By the end of the study, these participants also showed greater improvement in their insulin sensitivity and had developed higher levels of certain proteins in their muscles that influence how muscle cells react to insulin and utilize blood glucose.

Professor of physiology and nutrition at the University of Bath Javier Gonzalez led the study, which was published in the “Journal of Clinical Endocrinology and Metabolism” at the end of 2019. For him, the findings suggest that “if we exercise before having breakfast, morning, we can better enjoy our exercise session without increasing its intensity or duration”.

The reasons for this additional metabolic boost are complex, he said, but likely involve a reduction in muscle fat.

The bodies of the men who were fasting had to draw on internal energy reserves, including muscle fat, for fuel. An interesting fact is that the participants who exercised in a fasted state did not find the exercise session more tiring than those in the other group, according to subjective evaluations of the effort they put in.
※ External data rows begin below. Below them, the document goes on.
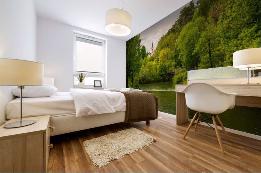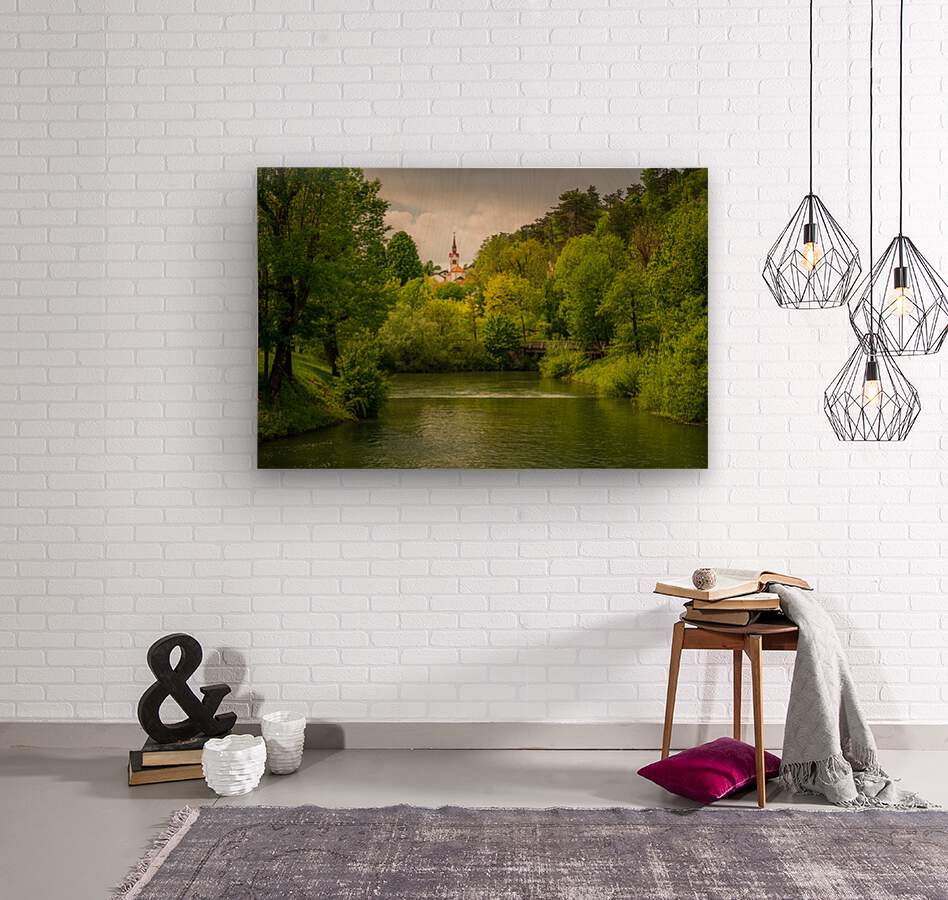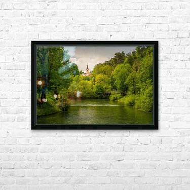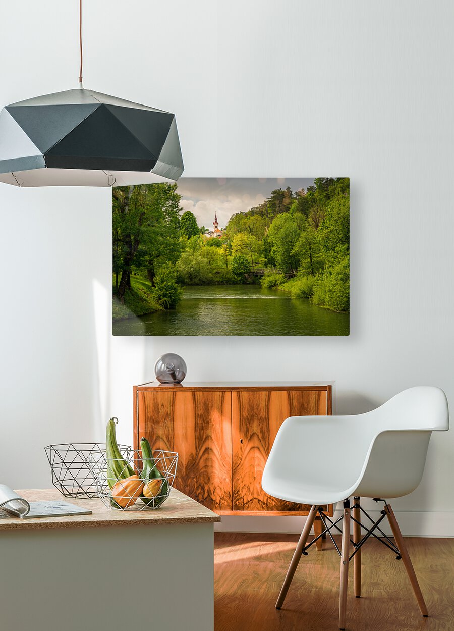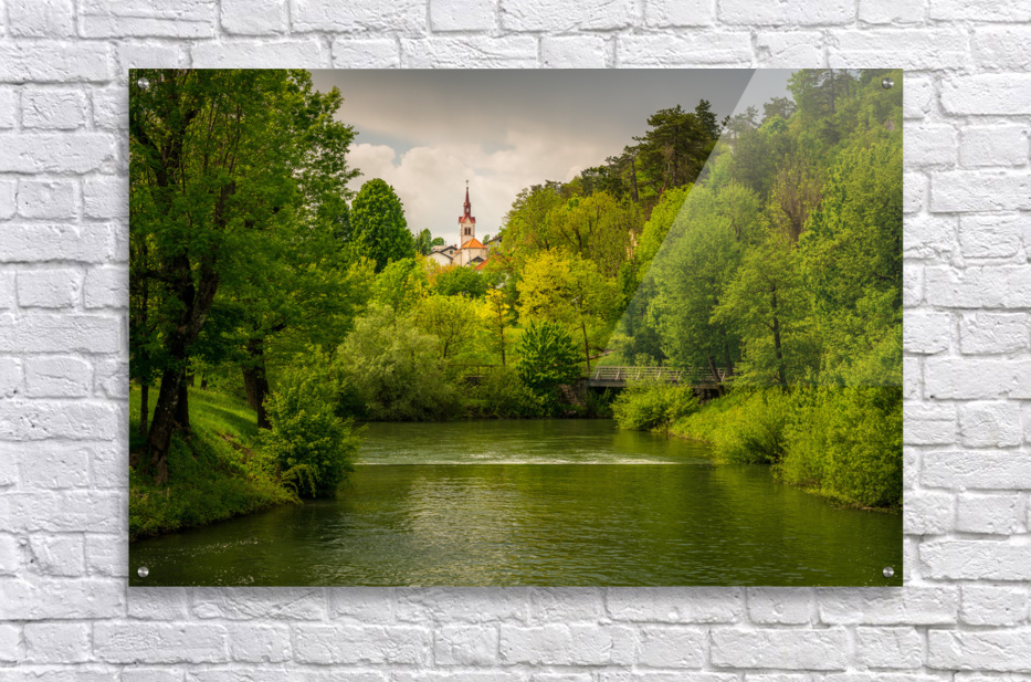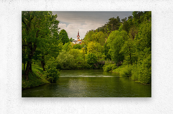 Get this artwork "Church in the woods above peaceful river" in a framed print.
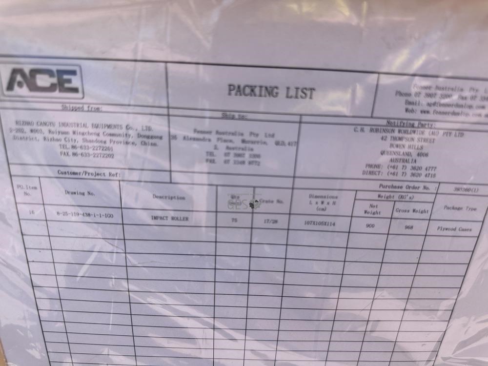 - Model 330 mm impact conveyor rollers part 393360-0823 x 75 in crate As New
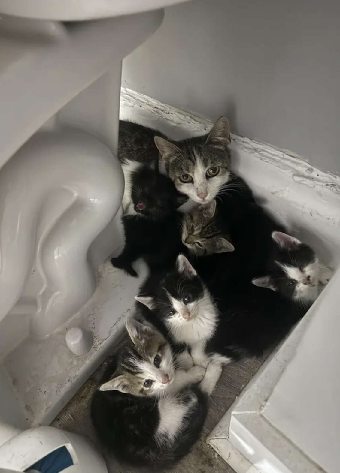 Before long, the empathetic rescuer was able to pick the kittens up one by one and carry them home.
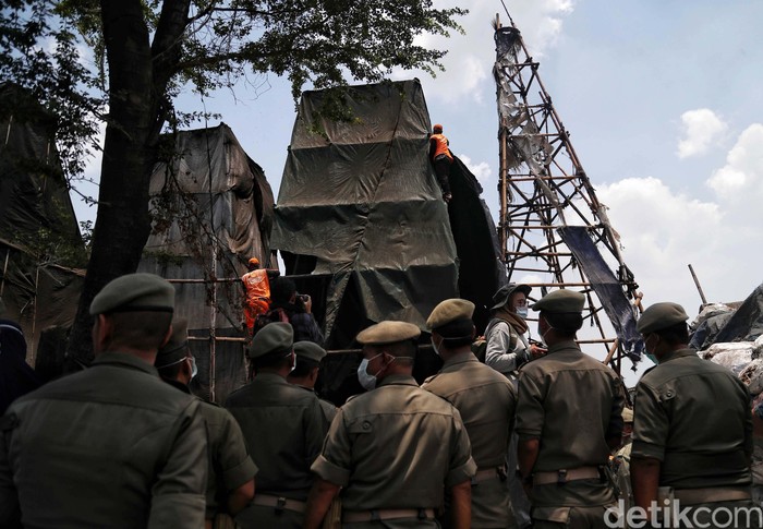 Jakarta - Pabrik arang di Cilincing, Jakarta Utara, dibongkar Satpol Jakarta karena mencemari udara. Pemilik usaha pembakaran arang itu pun menangis.
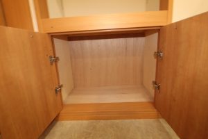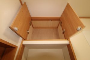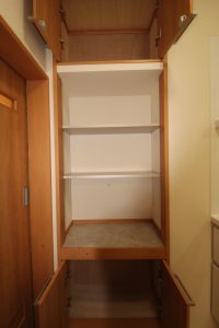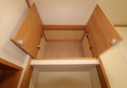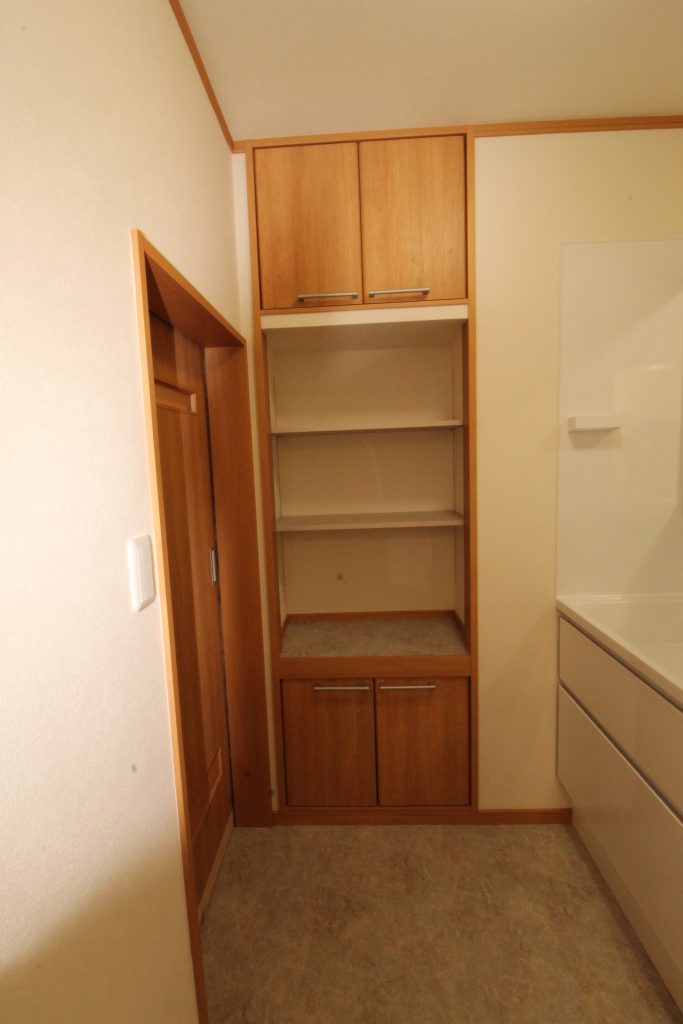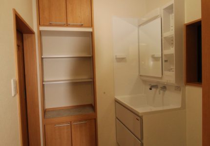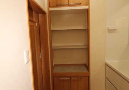 収納棚には、YKK APラフォレスタ『収納開き戸』を取付けさせていただきました。

But the study looked primarily at insulin sensitivity and not other aspects of exercise and metabolism, including weight loss (other research by some of the same scientists has studied how eating before exercise can affect appetite).

The researchers were also unable to determine whether skipping lunch and exercising in the late afternoon would have the same effects, but that seems likely, according to Gonzalez.

“We believe the key is in the fasting period, not the timing,” he said.

So if you’re thinking about working out to get healthier on vacation, it might be a case of getting up and heading out to exercise earlier in the morning or after hours of fasting. But, said Gonzalez, if your schedule or preferences don’t allow you to exercise in the morning or on an empty stomach, don’t worry too much.

“Any physical activity is better than none,” he explained, whatever time you can fit it in.